INSTRUCTIONS FOR THE TASK ▸
Return the lines that run from the beginning of the entries to the line holding "A creamy and", inclusive, and drop the pictures.

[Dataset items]
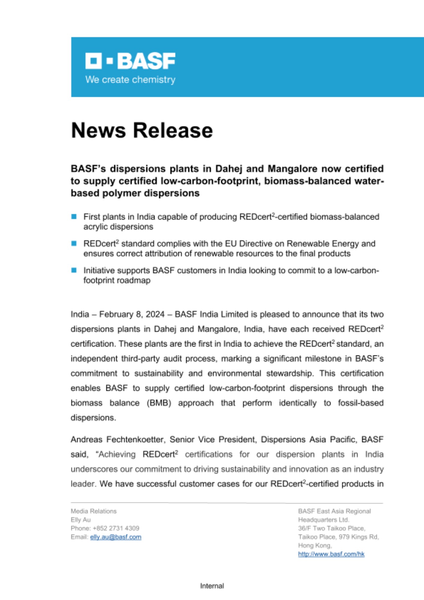 The two certified dispersion plants in India bring the number of BASF dispersion plants in the Asia Pacific region that have received REDcert2 certification to five. This accomplishment has further strengthened BASF’s ability to meet the growing demand for low-carbon-footprint solutions across various industries.
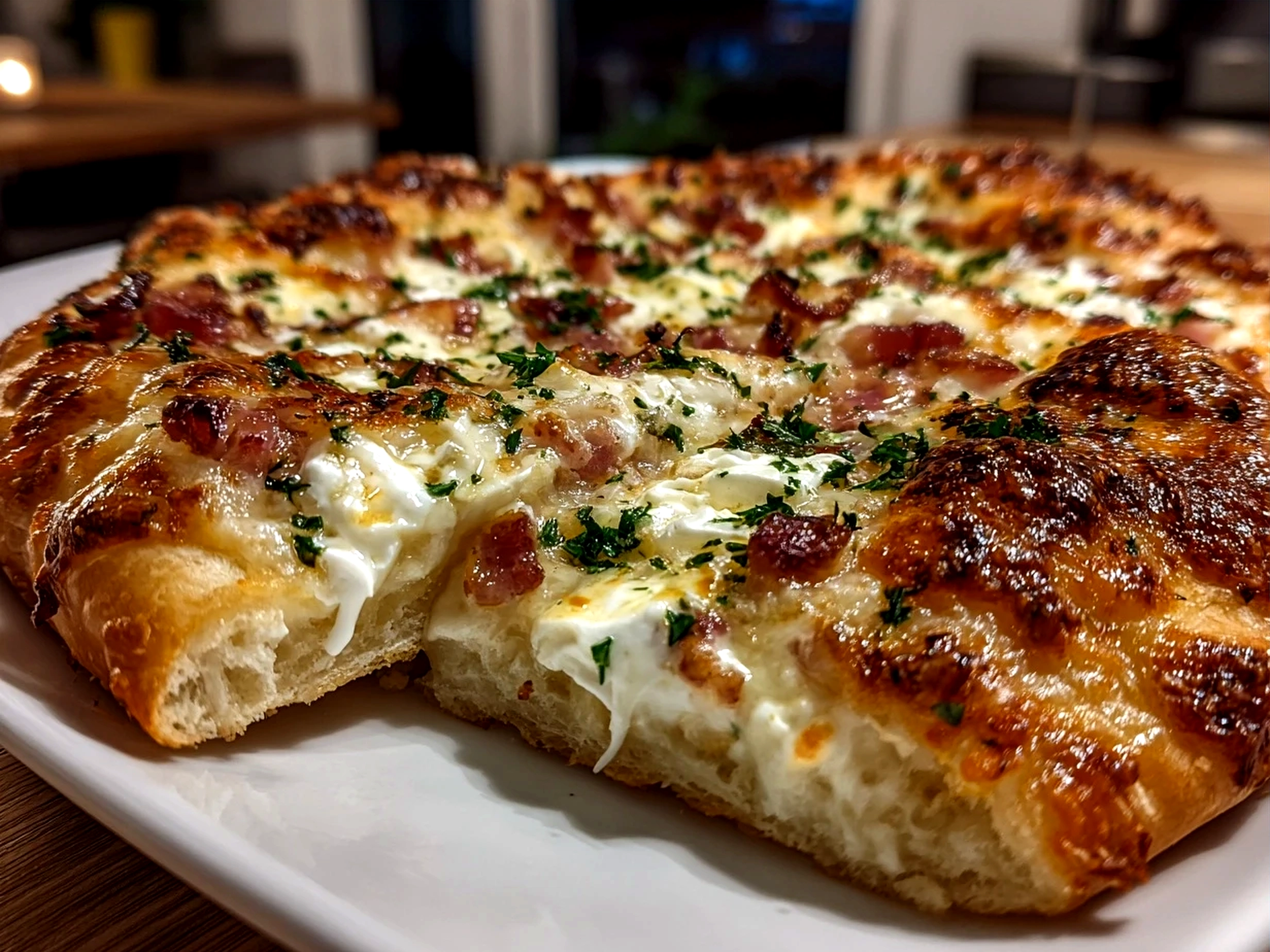 A creamy and flavorful white pizza featuring a garlic-infused olive oil base topped with mozzarella, ricotta, and fresh herbs for a delicious twist on classic pizza.
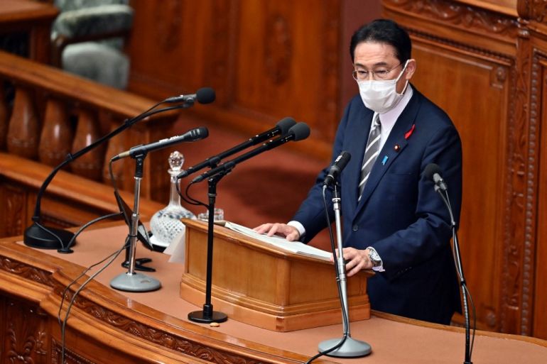 Fumio Kishida also pledges to turn around the economy while protecting the country’s territory in his first policy speech.
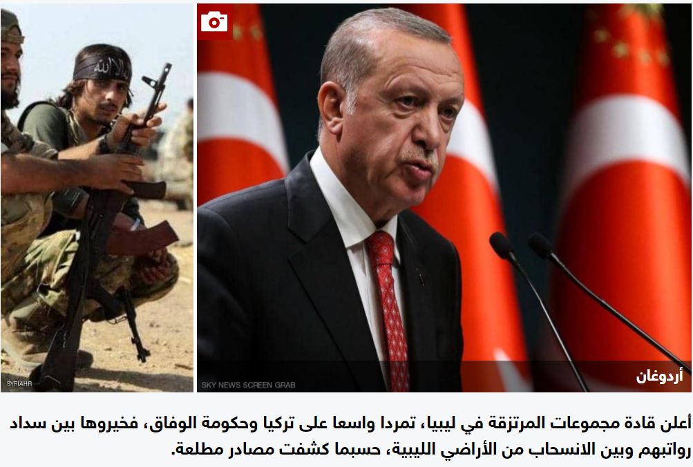 «Οι επικεφαλής μισθοφορικών ομάδων στη Λιβύη κήρυξαν μια ευρεία εξέγερση εναντίον της Τουρκίας και της κυβέρνησης Εθνικής Συμφωνίας, ζητώντας καταρχήν την πληρωμή των μισθών τους και κατόπιν την απόσυρσή τους από την επικράτεια της Λιβύης», όπως αναφέρει αραβικό δημοσίευμα επικαλούμενο αξιόπιστες πηγές
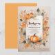 At the heart of the invitation, two majestic pumpkins take centre stage, exuding both abundance and the warmth of the harvest season. They serve as a symbol of the bountiful feast that awaits your guests. Surrounding the pumpkins, delicate fall leaves, resplendent in their autumnal hues, create a picturesque frame, adding a touch of rustic charm to the design.
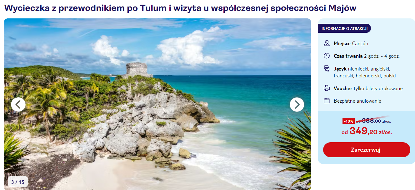 Wybierz się na niezwykłą wycieczkę do Tulum! Zobacz starożytne zabytki, piękne plaże, a na koniec będzie okazja na kąpiel w wyjątkowej studni krasowej – a to wszystko w czasie zwiedzania z przewodnikiem.
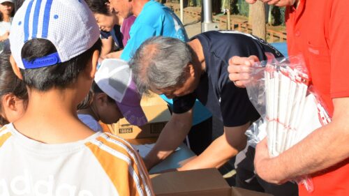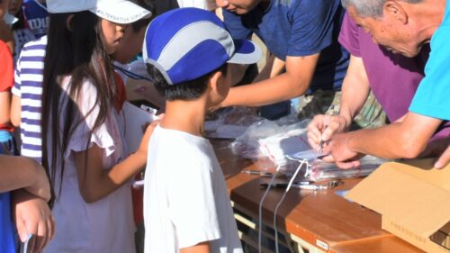 スタンプが押されたカードを手に笑顔が集まつて来ました。役員の皆さんから一人ずつに、参加賞が手渡れました。子どもたちの嬉しそうな表情が印象的でした。

RESULT FOR THIS TASK ▸
 The two certified dispersion plants in India bring the number of BASF dispersion plants in the Asia Pacific region that have received REDcert2 certification to five. This accomplishment has further strengthened BASF’s ability to meet the growing demand for low-carbon-footprint solutions across various industries.
 A creamy and flavorful white pizza featuring a garlic-infused olive oil base topped with mozzarella, ricotta, and fresh herbs for a delicious twist on classic pizza.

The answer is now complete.